BEGIN DATASET EXTRACT

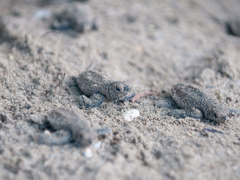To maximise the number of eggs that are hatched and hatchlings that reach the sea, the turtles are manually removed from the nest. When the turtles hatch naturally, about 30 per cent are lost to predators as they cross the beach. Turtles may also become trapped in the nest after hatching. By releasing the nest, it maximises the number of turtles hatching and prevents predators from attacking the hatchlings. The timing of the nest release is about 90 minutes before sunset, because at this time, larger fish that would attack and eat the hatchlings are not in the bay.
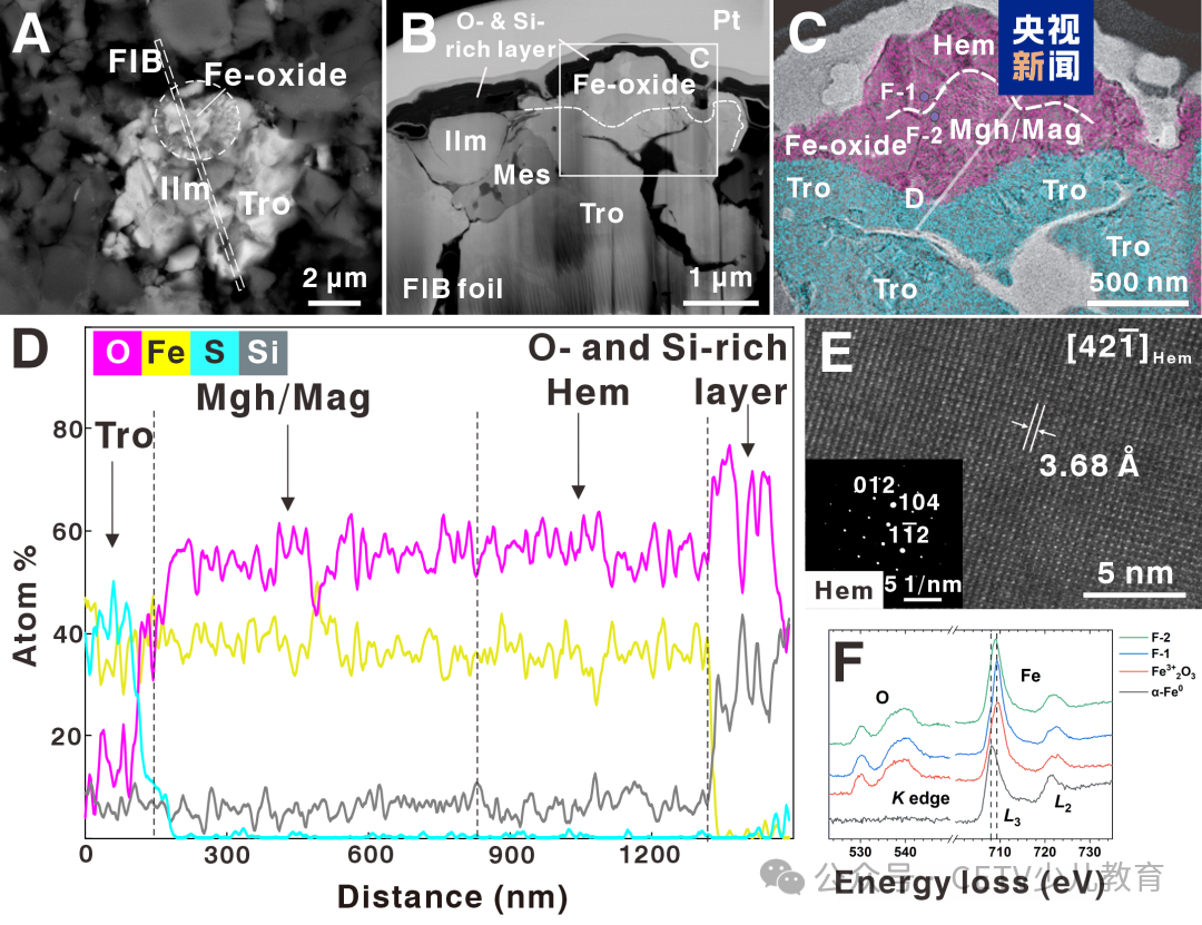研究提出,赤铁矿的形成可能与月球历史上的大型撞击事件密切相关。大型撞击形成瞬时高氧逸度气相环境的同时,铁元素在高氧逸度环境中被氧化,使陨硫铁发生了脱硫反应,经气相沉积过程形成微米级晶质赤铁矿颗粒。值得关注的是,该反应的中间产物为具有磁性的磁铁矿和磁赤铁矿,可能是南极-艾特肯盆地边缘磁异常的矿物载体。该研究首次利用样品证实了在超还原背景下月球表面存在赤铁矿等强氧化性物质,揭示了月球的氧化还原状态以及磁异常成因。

END DATASET EXTRACT
BEGIN DATASET EXTRACT

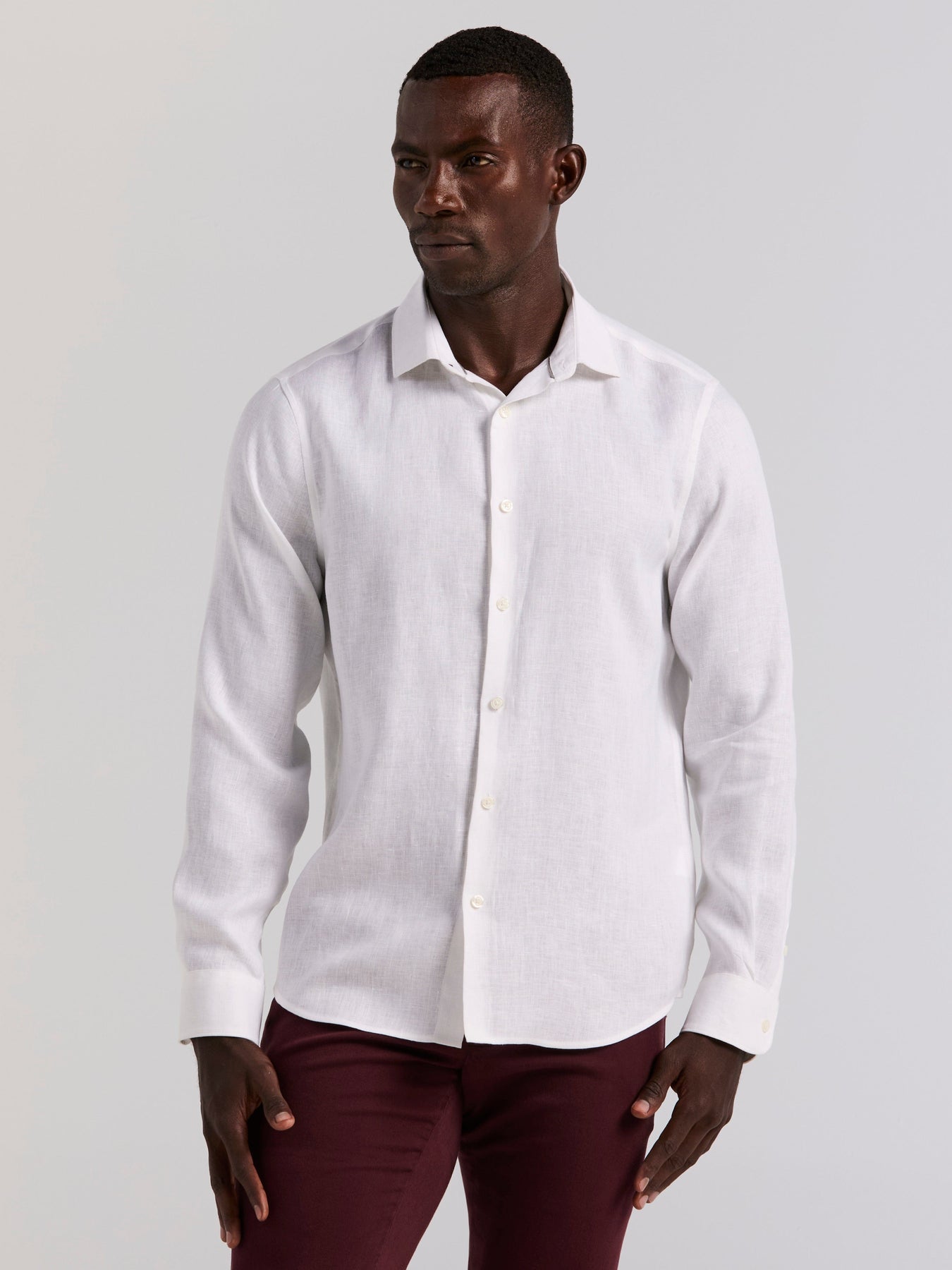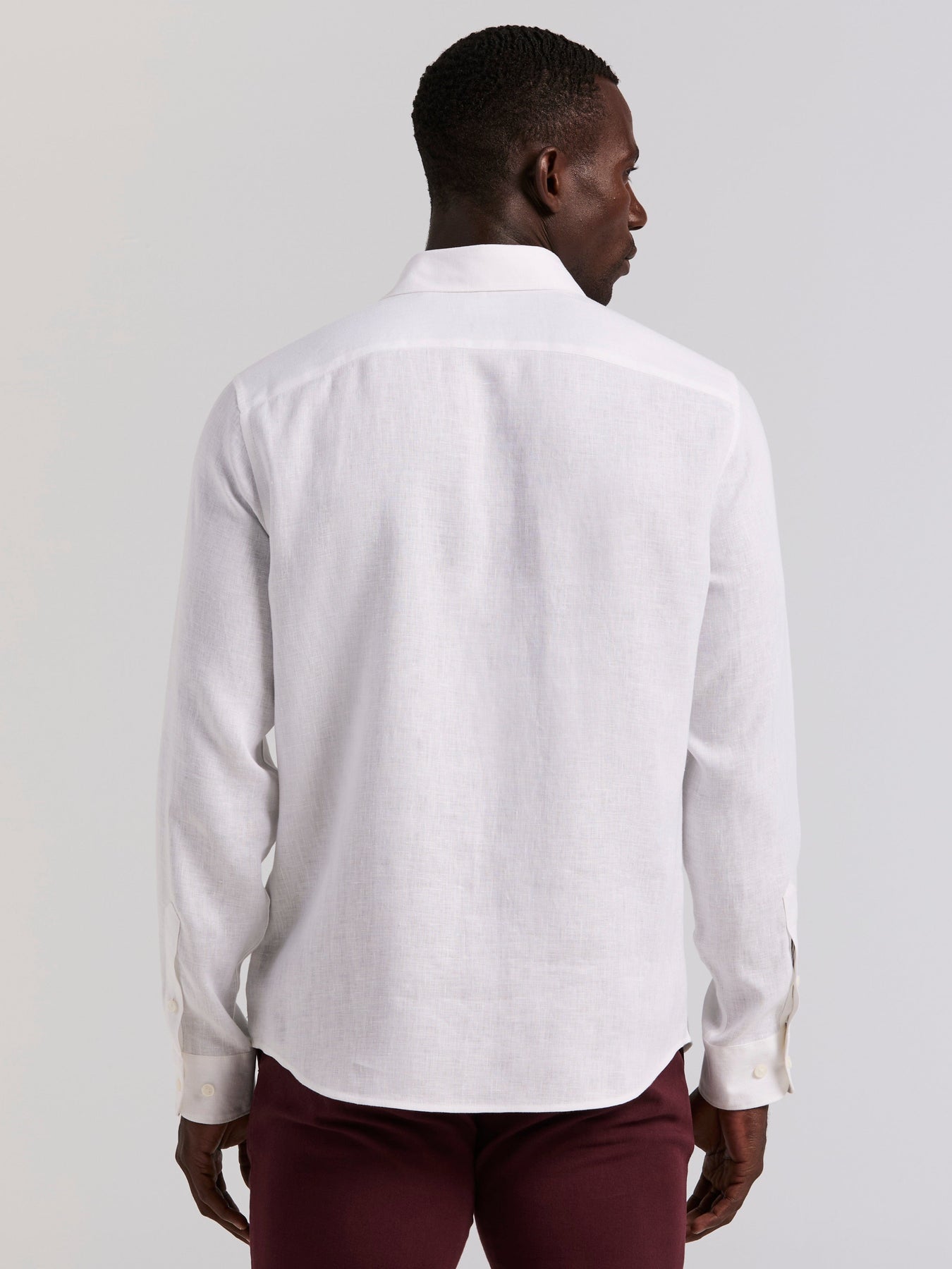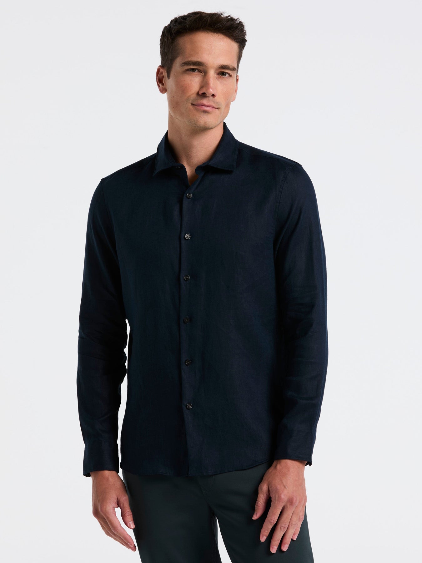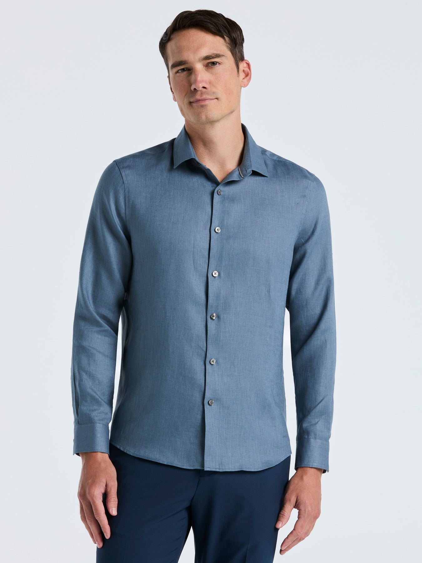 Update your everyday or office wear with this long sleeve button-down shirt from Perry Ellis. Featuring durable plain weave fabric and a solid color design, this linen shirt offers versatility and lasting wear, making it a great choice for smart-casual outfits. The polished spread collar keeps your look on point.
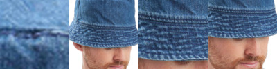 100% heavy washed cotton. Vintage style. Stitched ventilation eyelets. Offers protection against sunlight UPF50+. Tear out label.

END DATASET EXTRACT
BEGIN DATASET EXTRACT

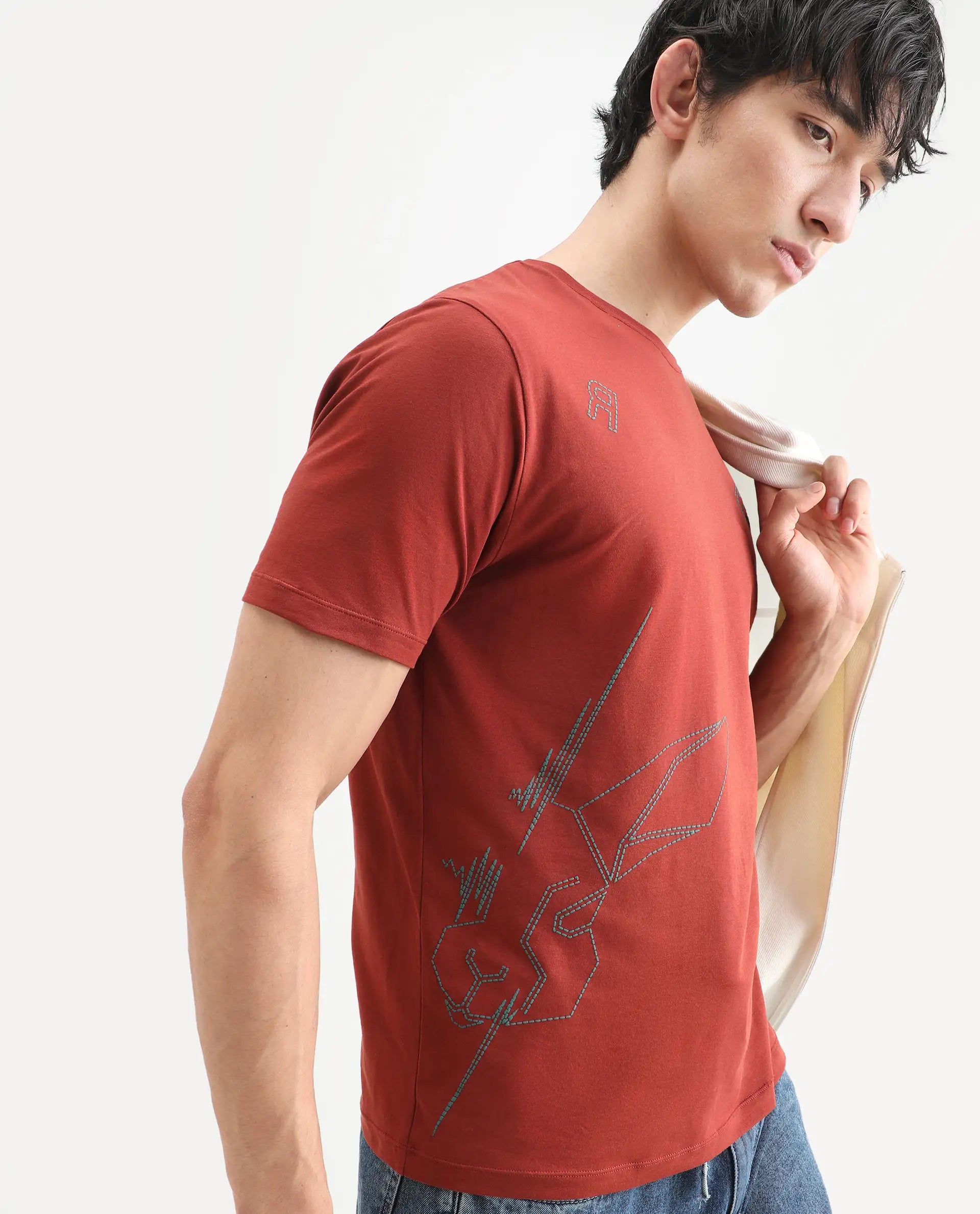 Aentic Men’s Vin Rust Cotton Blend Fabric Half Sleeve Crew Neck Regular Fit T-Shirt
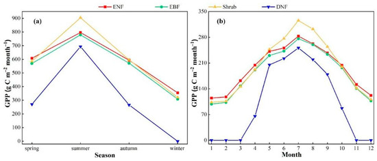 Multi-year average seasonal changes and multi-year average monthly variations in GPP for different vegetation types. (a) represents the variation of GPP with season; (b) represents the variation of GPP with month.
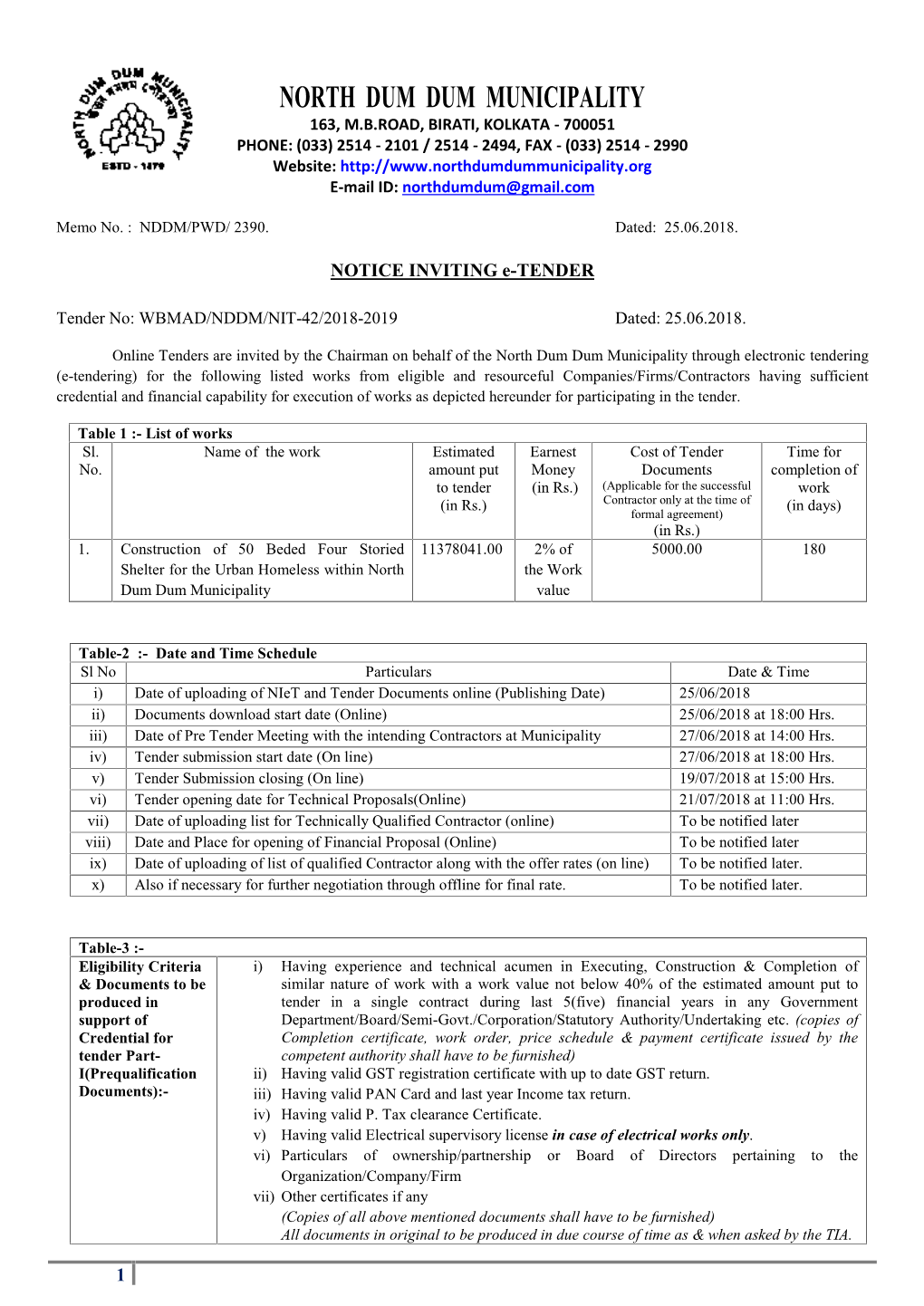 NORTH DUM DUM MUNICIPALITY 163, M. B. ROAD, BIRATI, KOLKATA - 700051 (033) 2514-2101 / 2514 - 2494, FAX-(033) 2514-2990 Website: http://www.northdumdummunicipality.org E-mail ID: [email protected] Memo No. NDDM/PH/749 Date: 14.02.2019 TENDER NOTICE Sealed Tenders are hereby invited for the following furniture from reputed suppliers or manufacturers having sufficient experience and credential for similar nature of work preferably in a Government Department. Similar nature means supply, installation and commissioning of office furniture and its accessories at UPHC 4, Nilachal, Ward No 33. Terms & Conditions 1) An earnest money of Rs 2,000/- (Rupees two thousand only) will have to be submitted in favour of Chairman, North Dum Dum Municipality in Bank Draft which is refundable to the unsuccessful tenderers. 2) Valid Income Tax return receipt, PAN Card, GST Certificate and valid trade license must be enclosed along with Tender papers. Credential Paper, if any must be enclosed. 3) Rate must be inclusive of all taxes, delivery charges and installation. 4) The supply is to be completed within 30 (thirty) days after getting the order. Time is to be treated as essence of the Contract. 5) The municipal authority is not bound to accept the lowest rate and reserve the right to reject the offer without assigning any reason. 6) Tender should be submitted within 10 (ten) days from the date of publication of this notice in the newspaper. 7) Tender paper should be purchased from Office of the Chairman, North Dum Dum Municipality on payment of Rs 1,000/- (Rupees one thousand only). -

END DATASET EXTRACT

THE PROBLEM — Using the records above, print exactly the run of lines that starts with the line with "Aentic Men’s Vin" and goes on through the line with "Multi-year average seasonal", pictures excluded.

ANSWER BOX —
 Aentic Men’s Vin Rust Cotton Blend Fabric Half Sleeve Crew Neck Regular Fit T-Shirt
 Multi-year average seasonal changes and multi-year average monthly variations in GPP for different vegetation types. (a) represents the variation of GPP with season; (b) represents the variation of GPP with month.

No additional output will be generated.